Advocate is the only treatment once they have lung worm but preventatives are Panacur and Milbemax as far as I know


----------



## Amy&Ted (Jul 14, 2010)

rona said:


> Advocate is the only treatment once they have lung worm but preventatives are Panacur and Milbemax as far as I know


My vet could have probably talked me into buying everything they sold... i was so confused by what she was saying


----------



## Mum2Heidi (Feb 17, 2010)

Probably not vet approved but totally natural
Diatomaceous Earth


----------



## katiefranke (Oct 6, 2008)

I think its actually Advocate that is the only 'licensed' preventative - Panacur can be given after the fact to cure it and in a specific dosage rather than the usual dose for intestinal worms.

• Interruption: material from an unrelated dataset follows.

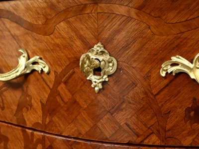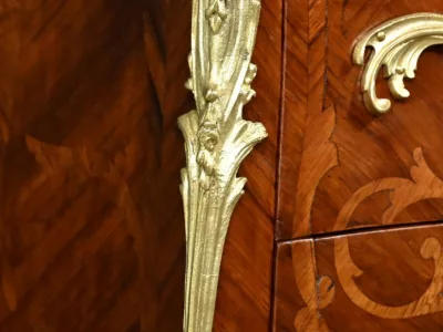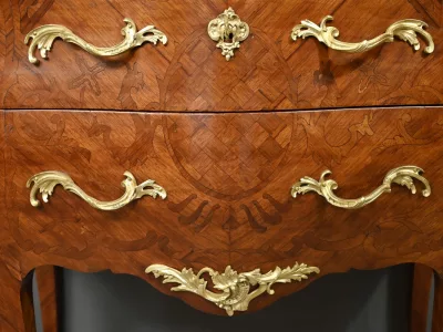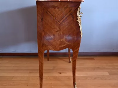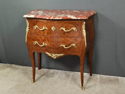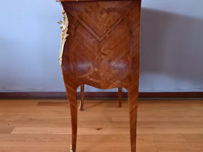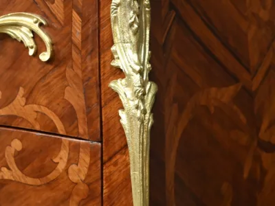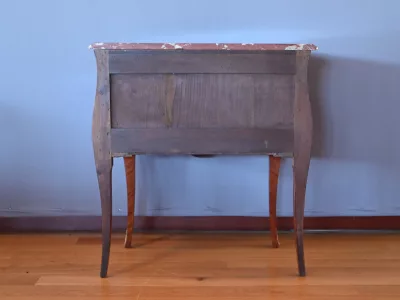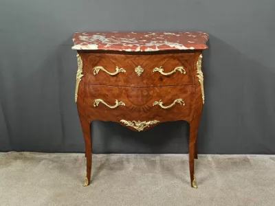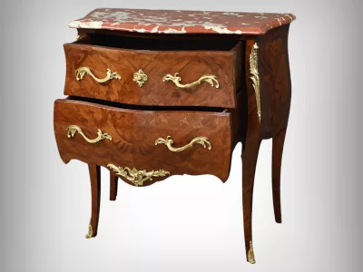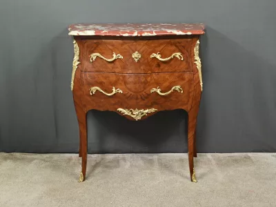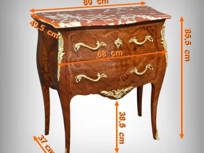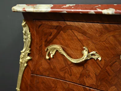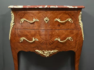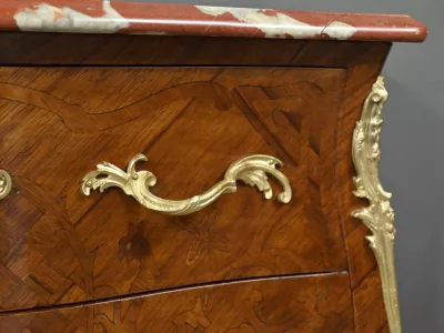Комод в стиле рокайль, XX век, Людовик XV, с инкрустацией и мраморной столешницей. Бронзовая отделка и ручки. Отреставрирован в нашей мастерской, в очень хорошем состоянии. Восковая отделка твердой поверхности. Свяжитесь с нами для организации доставки. Артикул: 191125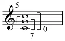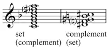As a further example take the chromatic sets 7-1 and 5-1. If the pitch-classes of 7-1 span C–F and those of 5-1 span G–B then they are literal complements. However, if 5-1 spans C–E, C–F, or D–F, then it is an abstract complement of 7-1.[9] As these examples make clear, once sets or pitch-class sets are labeled, "the complement relation is easily recognized by the identical ordinal number in pairs of sets of complementary cardinalities".[3]

I didn't think that milbemax was licensed for lungworm though? thats why the vets give you the advocate - but as it doesnt cover tapeworm, they have to recommend using another wormer such as drontal or milbemax still for the tapeworm.

This is a good site to search the drugs and it gives you their usage/dosage etc: NOAH Compendium of Animal Medicines: Overview - Welcome

Personally I don't use anything - and if I was worried I could have a stool sample checked to see before using anything - but I know you will need to for getting back into the country, so drugs is your only choice!


----------



## Horse and Hound (May 12, 2010)

katiefranke said:


> I think its actually Advocate that is the only 'licensed' preventative


Sure is. I use that for flea prevention and the vet said that it does lungworm as well as I was worried as he'd gotten into a habit of trying to eat snails!


----------



## Guest (Aug 25, 2010)

Amy&Ted said:


> We're using Milbemax.  Although my vet made my head hurt as she gave me advocate as well as Milbemax and it cost me 30 quid for 3 months worth and i think that's a LOT for worming treatment. So i may just stick to the Milbemax in future as i don't see the point in fleaing a dog if it doesn't have fleas.
> 
> Apparently... it's black slugs that carry the lungworm whatsit. Our slugs are all green in our garden but i'm not willing to risk it.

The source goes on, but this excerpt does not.